GIVEN INFORMATION ::
::::::::::
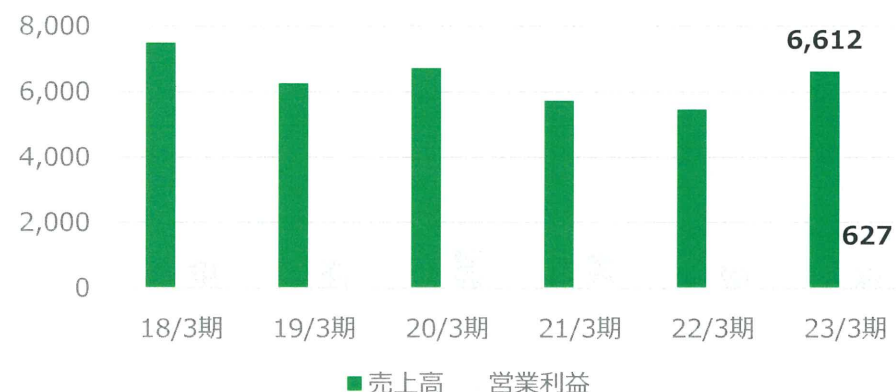
立体駐車装置関連 (単位：百万円)
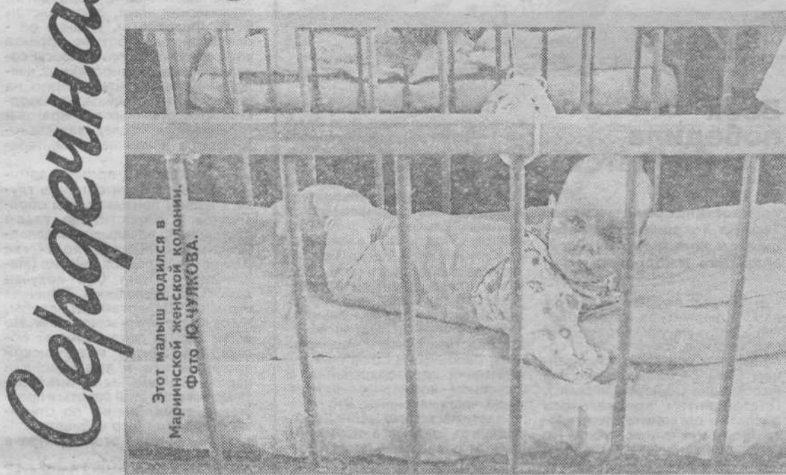
Этот малыш родился в Мариинской женской колонии.

рот, 30 процентов которых после выхода из детдома становятся бомжами, 20 - преступниками, 10 - сводят счеты с жизнью.
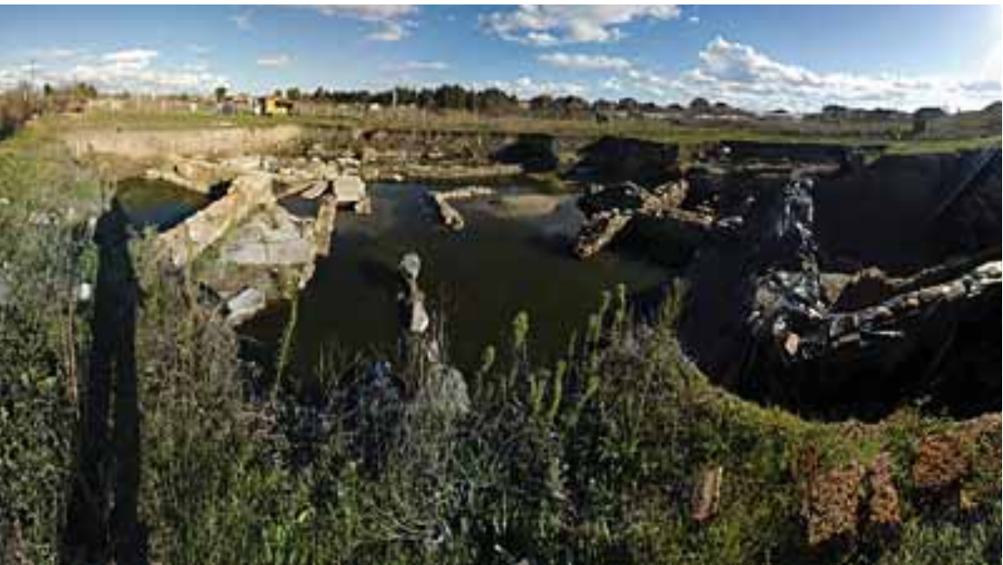
Изглед от разкопките на римския Улпия Анхило в историко-археологическия комплекс Палеокастро през 2011 г.
::::::::::
INSTRUCTIONS TO FOLLOW :: Return the whole listing exactly, minus its pictures.

ANSWER SECTION ::
立体駐車装置関連 (単位：百万円)
Этот малыш родился в Мариинской женской колонии.

рот, 30 процентов которых после выхода из детдома становятся бомжами, 20 - преступниками, 10 - сводят счеты с жизнью.
Изглед от разкопките на римския Улпия Анхило в историко-археологическия комплекс Палеокастро през 2011 г.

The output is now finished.